■ WORK REQUEST ■
What is needed is an exact transcription of every record, minus the pictures.

......

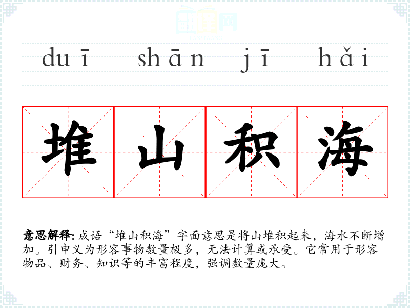 成语“堆山积海”字面意思是将山堆积起来,海水不断增加。引申义为形容事物数量极多,无法计算或承受。它常用于形容物品、财务、知识等的丰富程度,强调数量庞大。
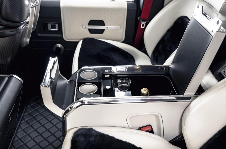 В салоне Land Rover Q40 появились сиденья-ковши, выполненные из натуральной кожи черно-белого цвета, карбона и вставок из овчины. Кроме того, интерьер дополнен стеганым потолком и новым рулевым колесом.
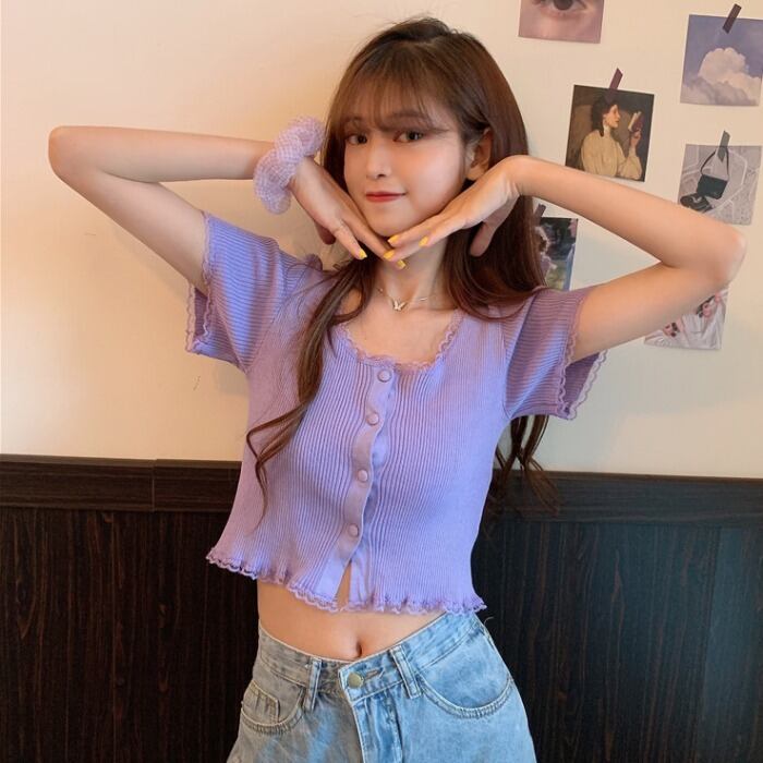 サマーニットセーター スリムショートトップス 薄手ブラックカーディガン 夏物 スクウェア 1号婦人60466226951
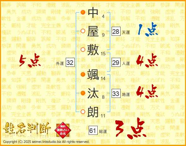 中(4画)屋(9画)敷(15画) 颯(14画)汰(8画)朗(11画)
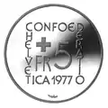 1976 | Битва при Муртене | 31 | 13,2 | Медь—никель 650/350 | UNC — 1 506 000 PROOF — 100 900 | ||
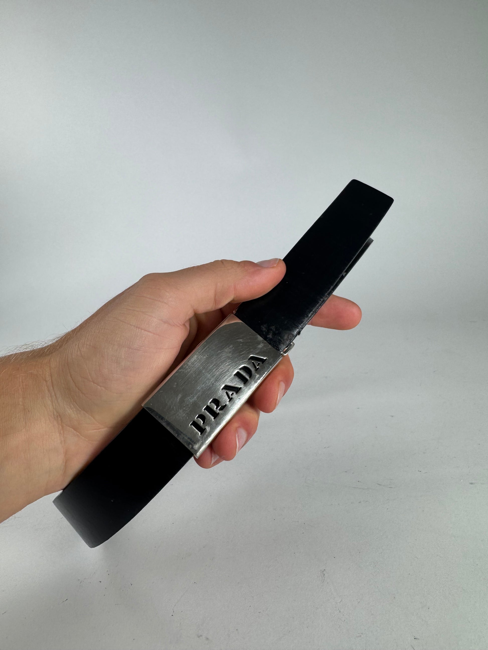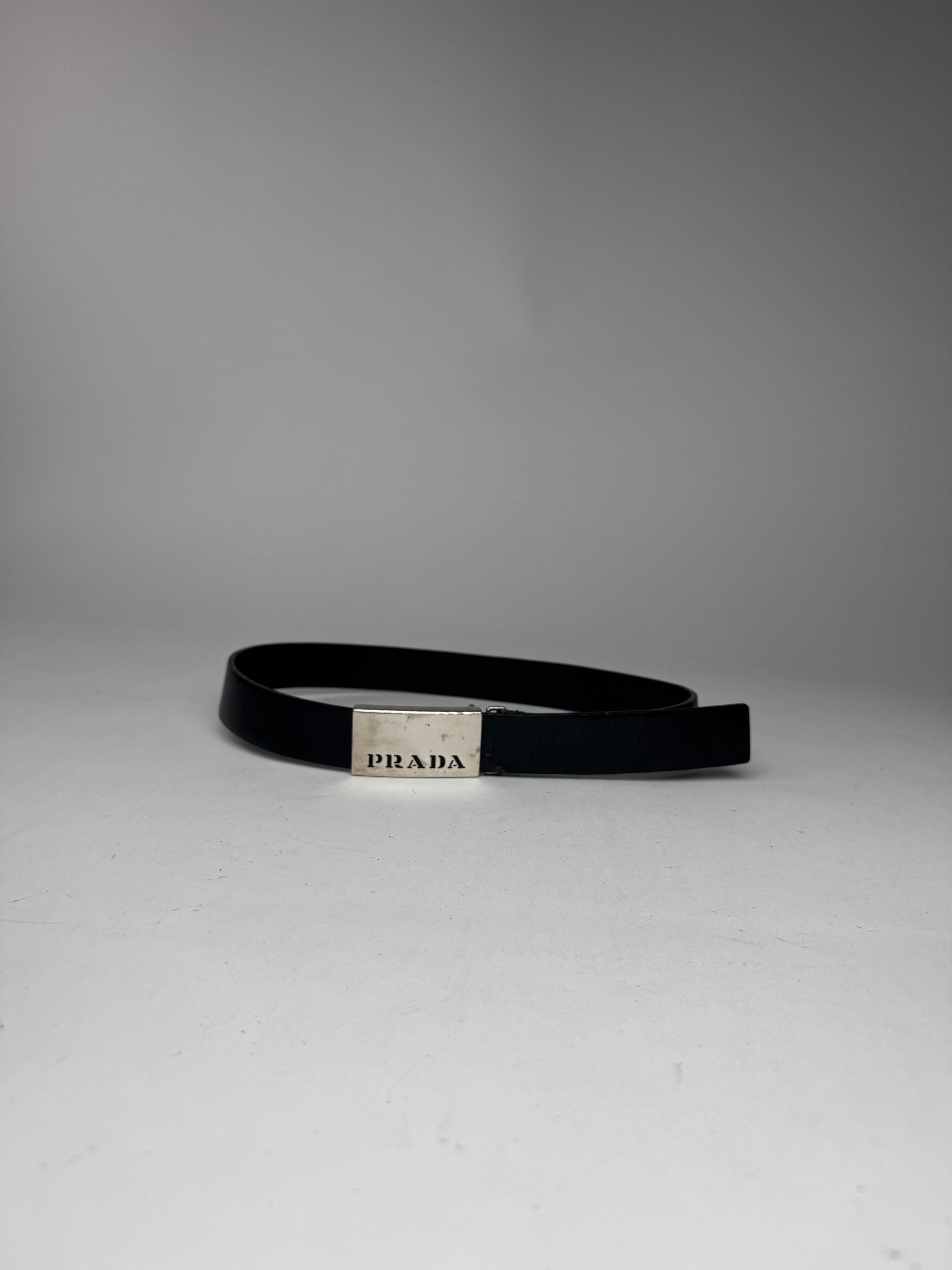 PRADA Vintage Leather Belt. This classic vintage belt is crafted from black leather and features a sleek silver-tone steel buckle, offering a timeless and versatile design.

......

■ YOUR SOLUTION ■
 成语“堆山积海”字面意思是将山堆积起来,海水不断增加。引申义为形容事物数量极多,无法计算或承受。它常用于形容物品、财务、知识等的丰富程度,强调数量庞大。
 В салоне Land Rover Q40 появились сиденья-ковши, выполненные из натуральной кожи черно-белого цвета, карбона и вставок из овчины. Кроме того, интерьер дополнен стеганым потолком и новым рулевым колесом.
 サマーニットセーター スリムショートトップス 薄手ブラックカーディガン 夏物 スクウェア 1号婦人60466226951
 中(4画)屋(9画)敷(15画) 颯(14画)汰(8画)朗(11画)
 1976 | Битва при Муртене | 31 | 13,2 | Медь—никель 650/350 | UNC — 1 506 000 PROOF — 100 900 | ||
 PRADA Vintage Leather Belt. This classic vintage belt is crafted from black leather and features a sleek silver-tone steel buckle, offering a timeless and versatile design.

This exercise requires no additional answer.